Friday, August 31, 2012

How reliable is fact-checking?

This campaign season, when candidates in both parties appear to be frequently "stretching the truth", if not propounding outright lies about each other, the on-line fact checking sites are more important than ever for those of us not just blindly voting for one party or the other.  But how accurate is the fact checking?

Paul Ryan claimed in his convention speech that President Obama promised to keep open the auto factory in his home town, which then subsequently closed. Liberal commentators jumped on that, claiming that in fact the factory closed under the Bush administration. Sounds like good fact checking, EXCEPT that apparently the fact checkers need fact checking themselves.  See the posting Ryan's Fact-Challenged Fact Checkers for more fact checking on the fact checkers.  Actually, it's a bit hard to see how Obama could have been giving his speech at the factory if it was already closed, so one might have been suspicious of the commentator's "fact checking" right from the start..

I'm not inclined to take very seriously any of the negative advertising, from either party, going on right now - it is so obviously partisan that it is essentially meaningless.

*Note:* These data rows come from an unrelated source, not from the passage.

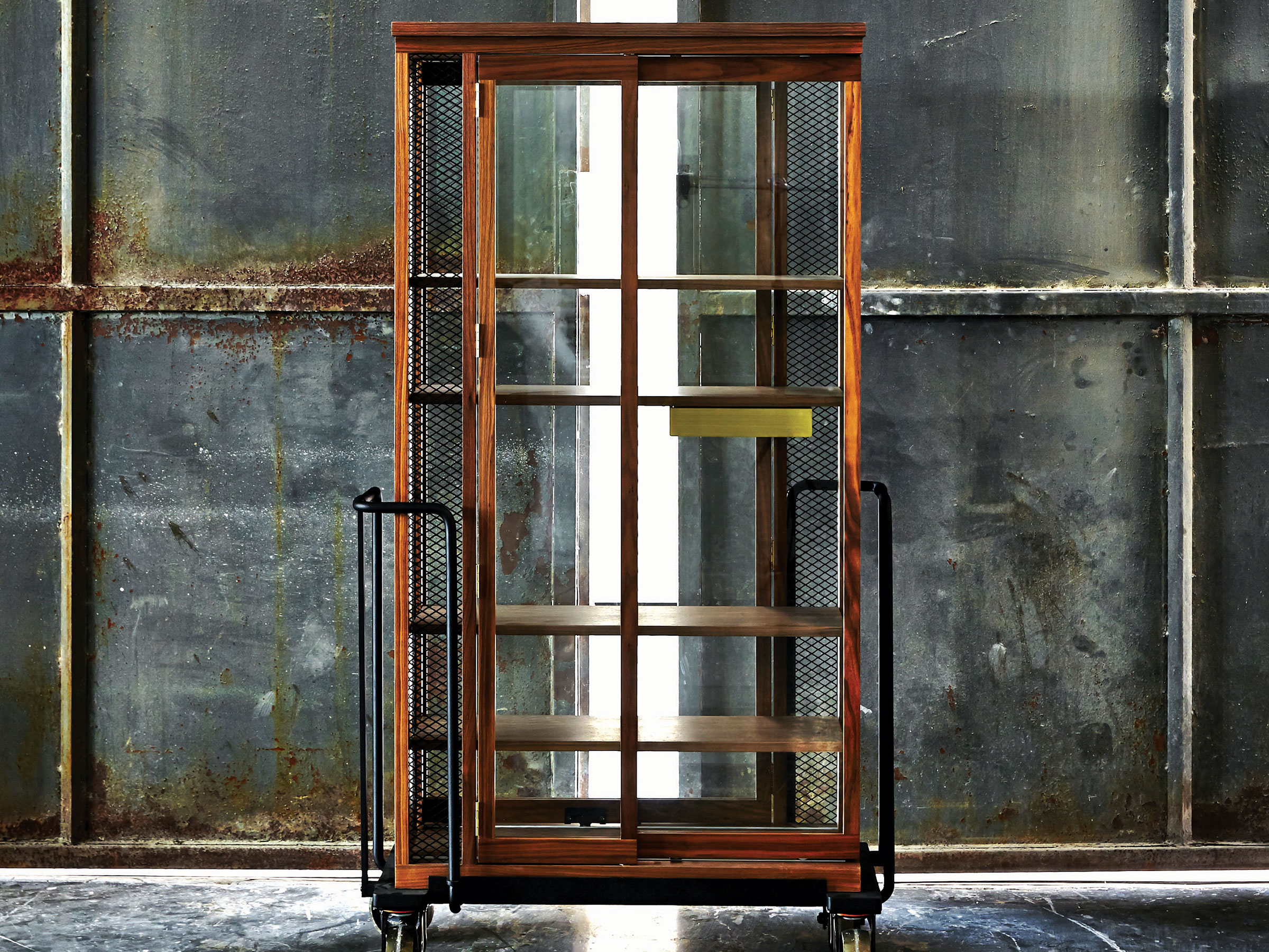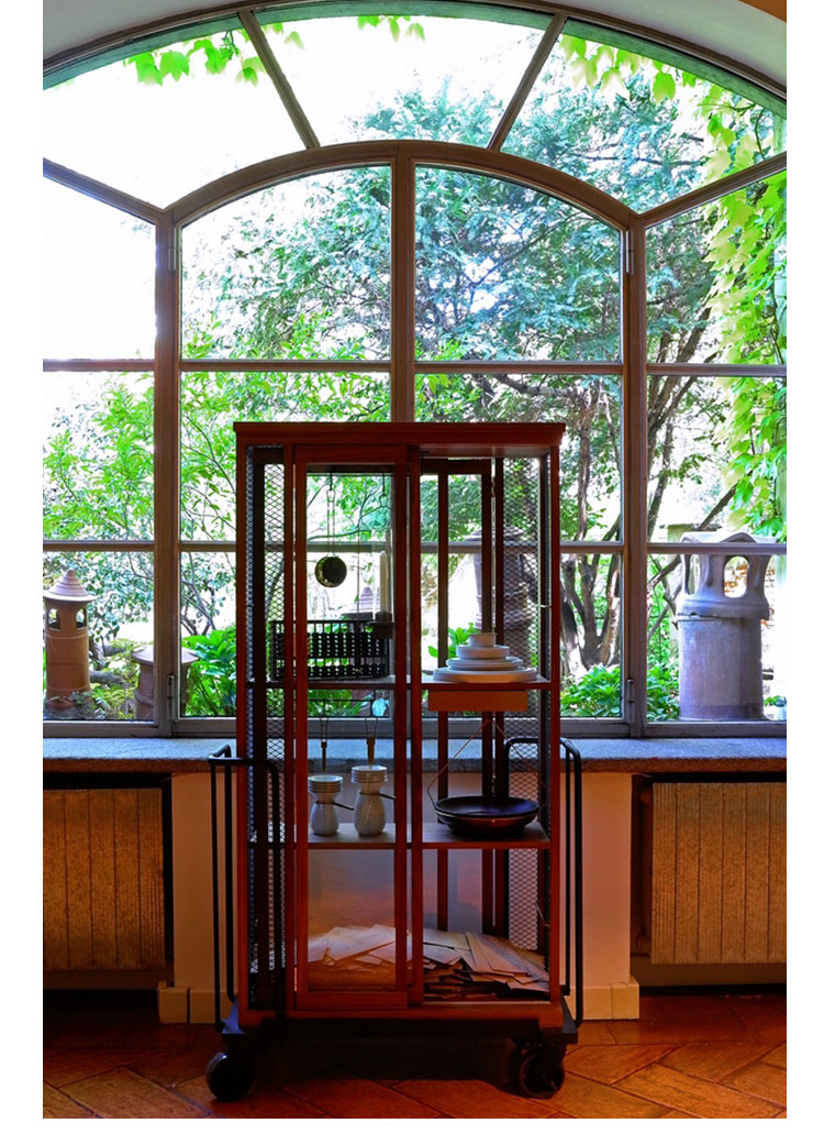 带玻璃门的木柜是从KIHARA陶瓷烧制金属手推车受启发设计,推车进入火炉,该炉代表着我们在生活中都会遇到的考验和磨难,从中我们贡献的汗水和泪水,痛苦和快乐。然而,正是通过燃烧这些罪恶和秘密,我们得以洗净。秘密揭晓或深藏起来,皆取决于我们自己。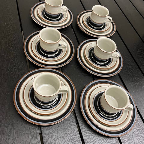 Myydään hyväkuntoinen 6kpl astiasto Arabian Taika-sarjaa. Sis 6kpl kuppia, 6kpl tassia ja 6kpl pullalautasta.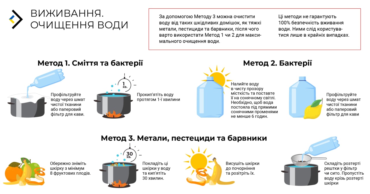 Пам'ятайте, що дані методи не гарантують 100% безпечність вживання води. Ними слід користуватися лише в крайніх випадках.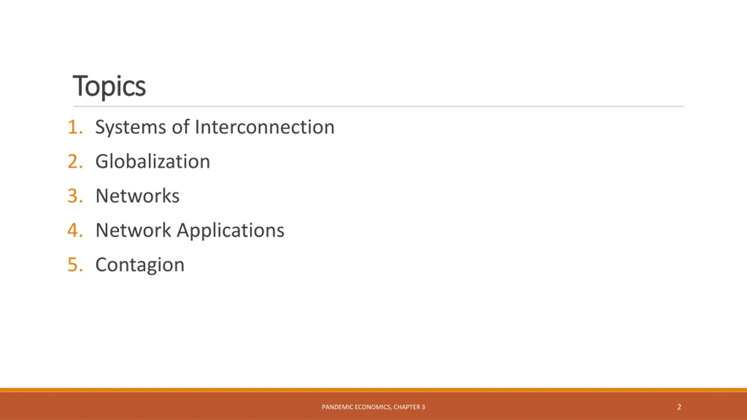 Topics Topics 1. Systems of Interconnection 2. Globalization 3. Networks 4. Network Applications 5. Contagion 2 PANDEMIC ECONOMICS, CHAPTER 3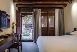 沿着木质的楼梯拾阶而上,感受木质带给你的温度与厚度。每一个房间都是主人设计,把最民族的、古朴的元素融入于此,与大自然融于一体。

Right now one thing matters above all - getting the nation's fiscal house back in order, which means only three things in the short term (1) stimulating more private business activity, (2) eliminating the federal deficit and beginning to reduce the debt load, and (3) reforming the entitlement programs, primarily Medicare and Medicaid, that are currently unsustainable. In the medium term one might add two more related items: (4) improving our failing education system, and (5) upgrading the nation's infrastructure.  All I care about right now is what each party will do for these items.

We already know what the current administration will do, based on what they have done for these items over the last four years -- almost nothing effective.

Will Republicans do any better?  It's hard to know.